I went to Bern, very briefly, as a student during my year abroad. I remember virtually nothing except that it was a hot day.
While staying in Grindelwald recently, it seemed like the ideal choice for a day out – less than an hour from Interlaken, one of the big cities and it fitted the Chalet School and Barbara expeditions itinerary I didn’t mean to be following. It’s the book in which the Chalet School moves to Switzerland, specifically the Oberland in the vicinity of Interlake, so I’d taken it with me for research purposes.
The train from Interlaken to Bern is frequently a double-decker. How can anyone not sit upstairs on a double-decker train? I’d managed to not leave Grindelwald quite as early as I wanted to and it was noon by the time I stepped out into the streets of Bern, a chilly and very grey noon. The clouds had Bern resting right on top of Grindelwald as I ate breakfast and although Bern is at a lower altitude and therefore underneath rather than in the cloud, it was still heavily grey and dismal. Not particularly cold though – I’d brought my fleece in case it was cold and I was wearing my jacket mostly for the pockets. Too tip: wear clothes with lots of pockets so you don’t force yourself to wear a ski jacket in town.
I’d read the guidebook on the train and I knew my first stop was the Zytgloggeturm, timing my arrival at the famous astronomical clock for 12 noon. I did not make it.
It’s a good-looking clock, housed in a short squat square tower, with a huge golden clock face and a smaller, baffling, astrological clock underneath and then a smallish clockwork tableau that goes off every hour. The mechanism dates back to the 1500s, astonishingly enough. It must have had maintenance but it’s the same mechanism.
I wasn’t going to wait at the clock for an hour. I would come back at one o’clock, or two, or even later. I headed down the quiet cobbled streets towards the bear pits.
I had read about how charming and delightful Bern’s arcades are – the covered pavements lined with shops. On a Sunday lunchtime on a grey dismal day, when all the shops were closed and barely half a dozen souls were out on the streets, the arcades were dark and cold and claustrophobic. Besides, walking up the street, standing back for the occasional trolleybus, I could admire the colourful fountains, and there are plenty of those. You could ask why do you need a fountain every fifty yards but we don’t. It’s just Bern being pretty. Some of them are very pretty and there are more bright figures on the yellow-grey stone buildings that line the streets.
The bear pits are at the end of this straight road, just on the other side of the Aare. However, the bears don’t live in the pits anymore. Bern means a bear, the city was named after the founder’s first kill out in the mountains, there’s a bear on the canton’s coat of arms and there have always been bears in the city.
They used to – until very recently – live in round sunken pits, reasonably sized for their age, with things to climb on and fed constantly with buns and other bear-friendly treats. Now they have a bear park – the entire steep-sided riverbank has been terraced and fenced to provide a lovely habitat for them. They have trees, a little piece of river to swim in, sunbathing spots and it’s got a few fences running down it so they can be separated if necessary. Tourists don’t feed them junk food anymore but the bears remain as treasured as ever.

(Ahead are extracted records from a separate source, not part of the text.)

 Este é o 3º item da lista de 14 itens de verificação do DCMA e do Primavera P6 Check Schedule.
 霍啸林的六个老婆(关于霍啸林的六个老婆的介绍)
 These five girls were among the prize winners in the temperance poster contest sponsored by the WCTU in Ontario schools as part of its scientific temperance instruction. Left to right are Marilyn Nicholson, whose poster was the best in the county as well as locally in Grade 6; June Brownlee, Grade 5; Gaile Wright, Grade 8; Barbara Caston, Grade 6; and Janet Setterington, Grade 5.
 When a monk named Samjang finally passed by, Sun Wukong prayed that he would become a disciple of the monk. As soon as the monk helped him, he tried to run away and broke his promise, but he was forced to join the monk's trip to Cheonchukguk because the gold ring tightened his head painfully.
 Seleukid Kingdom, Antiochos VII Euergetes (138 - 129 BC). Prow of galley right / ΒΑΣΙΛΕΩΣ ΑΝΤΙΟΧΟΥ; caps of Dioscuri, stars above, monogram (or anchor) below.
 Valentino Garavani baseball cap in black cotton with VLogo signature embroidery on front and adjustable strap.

There are three of them, a male and two females who had only recently – probably less than a week ago – awoken from hibernation. I only saw two of them, great shaggy brown bears, ambling around, eating the trees and playing dead while enjoying the sun. For at some point while I admired the bears, the cloud vanished. I had to take off the jacket and stuff it in my bag. T-shirt weather in March! I even came back with a faint tan line around my wrist from my watch.
You can take a lift – a miniature and entirely automated funicular – down to river level to see the bear park from below but the best view really is from the bridge – unless the sunbathing bear is sprawled our next to the funi, where you can’t see her unless you know she’s there until the funi comes up level with her.

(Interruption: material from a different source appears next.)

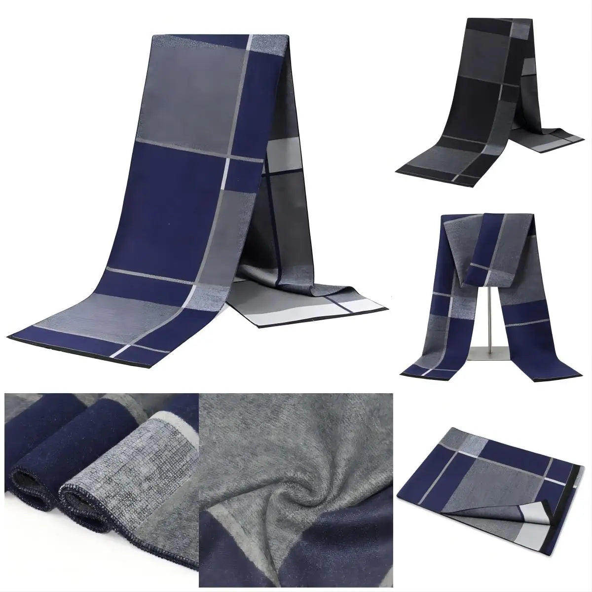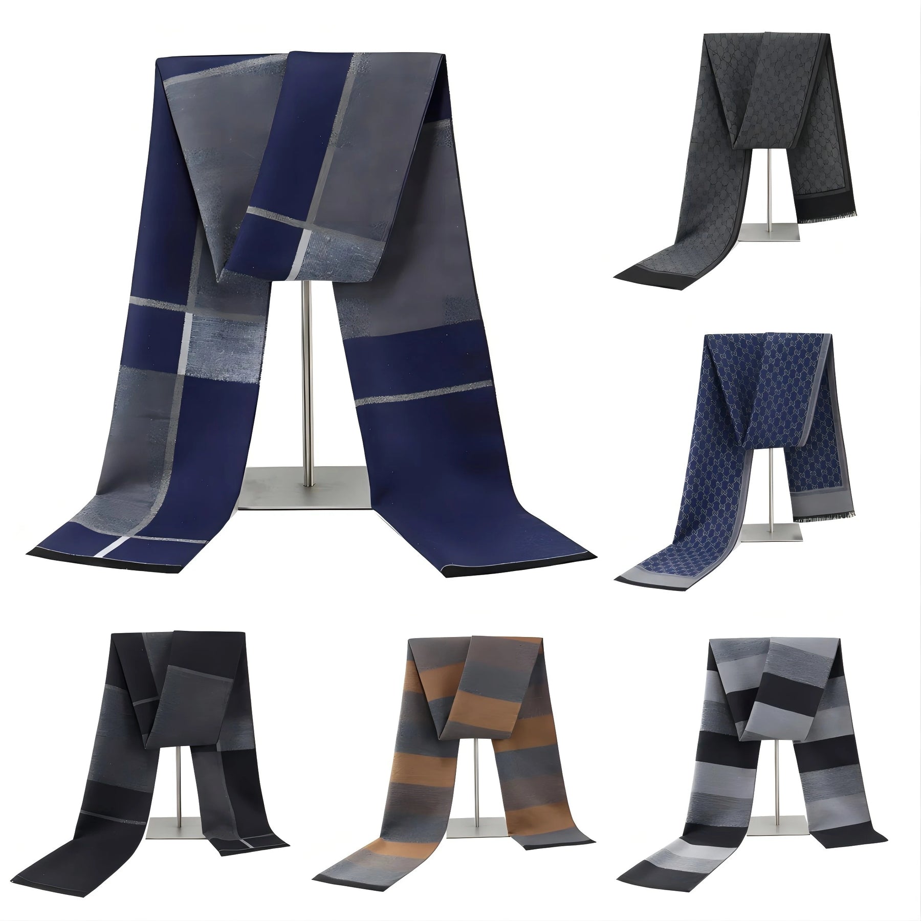 1pc Winter Scarf For Men Check Stripe Paisley Immitation Cashmere Elegant Jacquard Scarves Double Side Warm Windproof Neck Snood

“Mama, y’un ours lá!” shrieked the small French boy I was sharing the funi with after I’d taken about six photos of the snoozing lady.

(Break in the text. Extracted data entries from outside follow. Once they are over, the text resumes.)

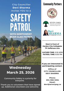 Safety remains a top priority, and I am proud to support the incredible work of the Northwest Bear Clan and community volunteers with their ongoing commitment to making our neighbourhoods safer, stronger, and more connected. Community Safety walks are a great way to promote safety and wellbeing.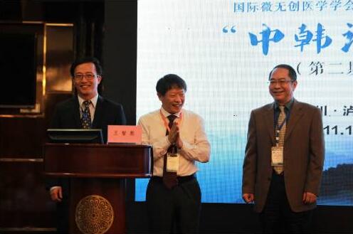 超聲醫療國家工程研究中心王智彪主任致辭,中韓論道,論什么道呢?論微無創醫學之道。在聚焦超聲領域,我們剛開始,希望大家團結起來,為醫學進步做一點貢獻。雖然在醫學領域,我們占的比重還很小,但大家一起努力,不會孤單。之后,王教授和陳文直教授、張煉教授一起向在場嘉賓表示感謝,希望通過這項技術,和大家越走越近。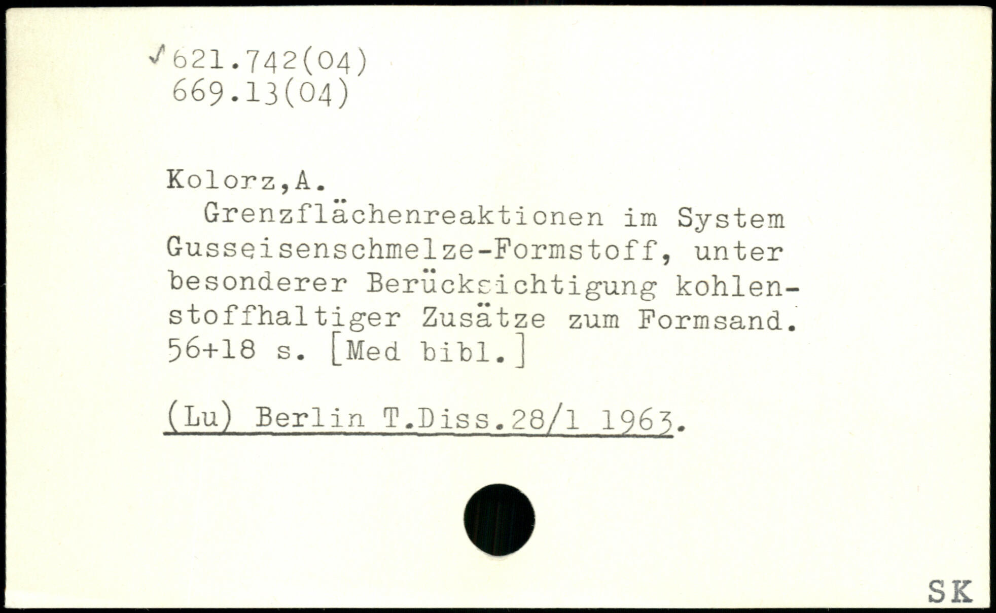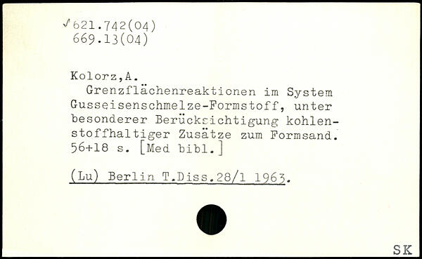 Grenzflächenreaktionen im System Gusseisenschmelze-Formstoff, unter besonderer Berücksichtigung kohlenstoffhaltiger Zusätze zum Formsand.

The old bear pits are still there. The small one is full of concrete bears that small children can play on or with but the large one is empty except for a few crows using the branches of the climbing trees.
I sat on the steps above the large pit for lunch in the sun – not the lunch I’d planned, since I hadn’t been able to get any bread rolls, but a snack and a drink and a check of the guidebook.
I had plenty of time to get back to the Zytgloggeturm so I ambled back up the cobbled main street, detouring to see the Gothic Münster and its view over the Aare. Under the arcades, souvenir shops and cafes had started to open and people were beginning to appear in the streets, having a drink in the sun on the pavement, giggling loudly as they walked up the road, not realising they had to get out of the way of the trolleybuses. I made it to the Zyrgloggeturm with forty minutes to spare – or twenty minutes late, from another perspective – so I went to find the Ogre Fountain, a grotesque thing with an ogre devouring human babies. The Chalet School girls were revolted and horrified by it. I am a child of the 21st century and desensitised to just about everything but even I wondered at it – it’s not exactly good taste. The Chalet School and Barbara says it was to warm children away from a very deep and dangerous ditch that used to run along here but has since been filled in. My guidebook says that Bern claims it’s merely a grotesque carnival scene but, having once been painted yellow, was a piece of anti-Jewish artwork. I reserve judgement. I don’t know what it is or why but it feels odd that it’s now at a tram stop.
I returned to the clock, found a seat on a bollards and watched the clown blowing enormous bubbles, the tourists setting up tripods right in the path of the buses, the near-misses between buses, taxis and tourists at the narrow bit of road next to the tower and at two minutes to two, Kronos jangled his bell and the ring of bears at the bottom danced a half turn. And that was it. On the hour, the little tableau did nothing but the silver figure atop the tower donged the big bell twice. I waited. Surely there was more. There was no more. For forty minutes waiting, that was a totally underwhelming display of the clock that had so enchanted the Chalet School.
I got bread in the station and had a little picnic on the train on the way back. The train was eleven minutes late into the station, was due to sit there for about ten minutes so it still left eleven minutes late. Which is fine, but a lot of the route back to Interlaken is single track and we’d fallen out of the pattern, so we had to stop at every single set of red lights to wait for the train coming the other way before we could venture onto the single track and somehow still managed to arrive barely any more than eleven minutes late despite all the delays along the lakeside.